I think that's why children should learn to do math. It helps you shop and otherwise live your daily life. I say, keep the higher thinking for AFTER the kids can do their times tables. What's the point of having this discussion unless you first have the basics. Imagine talking linguistics without teaching the ABCs.
This is exactly what the reform is about. When you go to Wal-Mart and the kid behind the cash register can't understand how to make change, it's not because they haven't memorized their multiplication tables. It's that they haven't a clue how to understand the question.
I'd be happy if our students could solve your problem. But they can't. We need more of those.
Fundamentals first then understanding. It's the exact same process when teaching windsurfing for example (personnal experience :)), you start by applying simple rules, once you mastered them you can start explaining a lot more and it gets good. (sorry for my english it's not my natural language)
And I agree that it's all gradual. You don't explain to 8 year-olds the concept of polynomial multiplication. Just mulitplication. Then you use examples and build on those to step up to the next level of difficulty. Just like windsurfing (or tennis, in my case).
Also, I almost never run into students who can't multiply 20*6. They can all handle that. They still can't do math to save their lives often. Memorizing multipication tables is not learning math. Not much anyway.
On tests there not allowed.
I see a lot of foreigners reply to this video, so let me be a part of them.
Somehow, it seems that this problem exists only in America. Other countries seem to be able to teach math to the kids. They teach them the most efficient "standard" method, without any other "creative" ways. And then they teach applications for those methods. They show proofs why this works one way or the other. They help students to understand math on fundamental level, with the help of the equations.
I have tutored an 8th grader, one who was on top of his class. He asked me to check up his homework. I was shocked to see what he was studying. Equations with one variable. It doesn't even get lower than that.
I was just talking with two of my Vietnamese students about this. You make it sound like this is just a question of teachers. It isn't. It's a huge issue that involves teachers, curriculum, parents, students, and culture.
Are you here? If so, you know that a large part is American students don't work as hard as you.

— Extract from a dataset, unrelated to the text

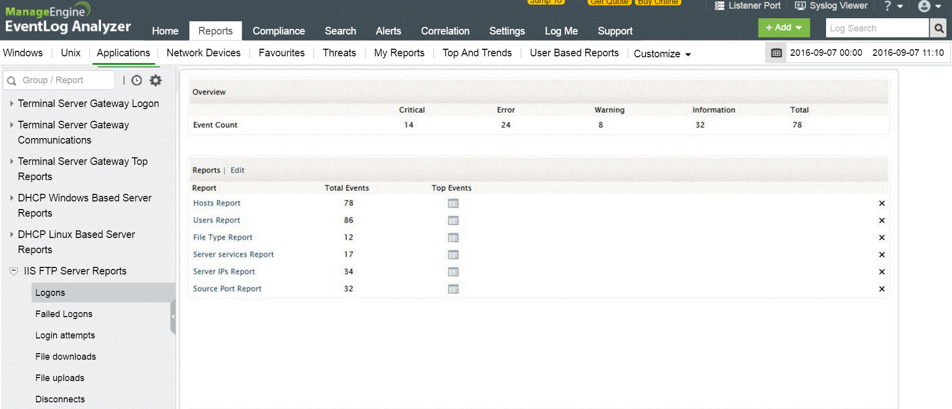 EventLog Analyzer收集、监控和跟踪IIS FTP应用程序服务器日志。它提供了有关用户访问IIS FTP服务器、文件上传、下载、文件传输详细信息等项的详细报表。这一IIS FTP服务器应用程序日志分析和报表工具还带有预置告警控制台,用于发送失败下载和关键文件传输的实时通知。了解更多 » |
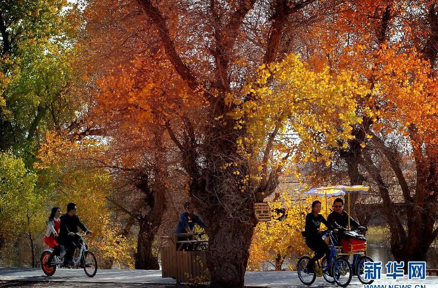 在巴楚縣胡楊海景區,遊客們騎車穿行在胡楊林間(11月2日攝)。深秋時節,在新疆巴楚縣葉爾羌河中、下游的廣袤地區,連片的胡楊樹林景色迷人,黃燦燦的枝葉在沙漠間、水岸旁隨風舞動,奇妙美景處處顯現。巴楚縣是我國胡楊林分佈最多的地區之一,原始野生胡楊林面積達316萬畝。(新華社記者王頌 攝)

It is sad, very sad, because kids don't want to learn anything, and adults don't force them to do it.
I'm 17, and I'm a freshman at University of Toledo. It's a bit weird, though, that I would be able to complete a degree in Math in just two years.
I'm just gonna tell something that happened to me. I was teaching some 8th grade students how to solve some equations , and I got to this: 2=x . Then I said that we already had the solution to our problem, but one student said that it was wrong because the X was on the right side of the equation and that's how his last teacher taught him....
I don't think I have to say anything else...
as far as 2=x is concerned, it's the fault of the teacher for teaching them that x has to be on the left side and many textbooks also have that written which is sad.